Hi i am trying to figure out a good center channel for my system. my fronts are Infinity reference two, the center i have now is a Yamaha ns-ap4400. it would be great if i could get it under the TV stead of on the shelf cuz the shelf has is only 5 1/4 inch from top to bottom.

i was looking at a Polk center CS10 but it wont fit in the stand and the back of the enclosure is slanted so the TV cant fit on top of it the TV has a 2foot by 9inch base on it.


----------



## eugovector (Sep 4, 2006)

Typically you want your center channel to match your front. The same speaker is ideal, but if form factor is a consideration, at least the same manufacturer/model line. That will be hard to do with your fronts as they are older, correct?

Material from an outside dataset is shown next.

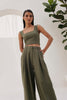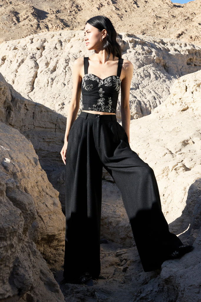 Crafted from soft, lightweight wool, these wide-legged long pants feature front pleats and convenient side pockets. The belt waistband includes an elasticated back, ensuring a comfortable fit. Elevate your style with this perfect blend of sophistication and ease.
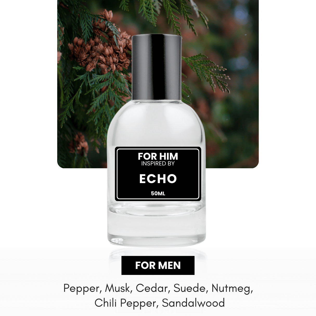 ✅ Description: Echo, the sixth fragrance from Davidoff, targets middle-aged men with its aquatic and metallic notes of aldehydes and white suede. The base boasts a blend of chili, nutmeg, black pepper, musk, cedar, sandalwood, and white suede. The bottle, designed in an urban style, adds to its allure.

I'd probably just pick something you like that will fit your size requirements. Pick something of some quality with readily available matching fronts and maybe, down the road, you can invest in a matching front soundstage.


----------



## Jungle Jack (Jul 28, 2009)

Hello,
Without question, I would get an Infinity Center Channel ideally from the same Series as your Front Speakers. Infinity makes excellent Speakers so I only see positives in doing so.
Cheers,
JJ


----------



## tylerlovely2006 (Apr 13, 2011)

Well jack my fronts are so old that there before multi channel surround came out but I was thinking that the Infinity primus pc250 or the pc350 would be a good match or getting a set of reference ones. Then mod them to center channel.


----------



## Jungle Jack (Jul 28, 2009)

Hello,
Even if from a different vintage, sticking with Infinity's is the way I would go. The Primus offer awesome value. All I can say is to get the most expensive Center Channel you can possibly afford as it truly is the lynchpin to a great HT.
Cheers,
JJ


----------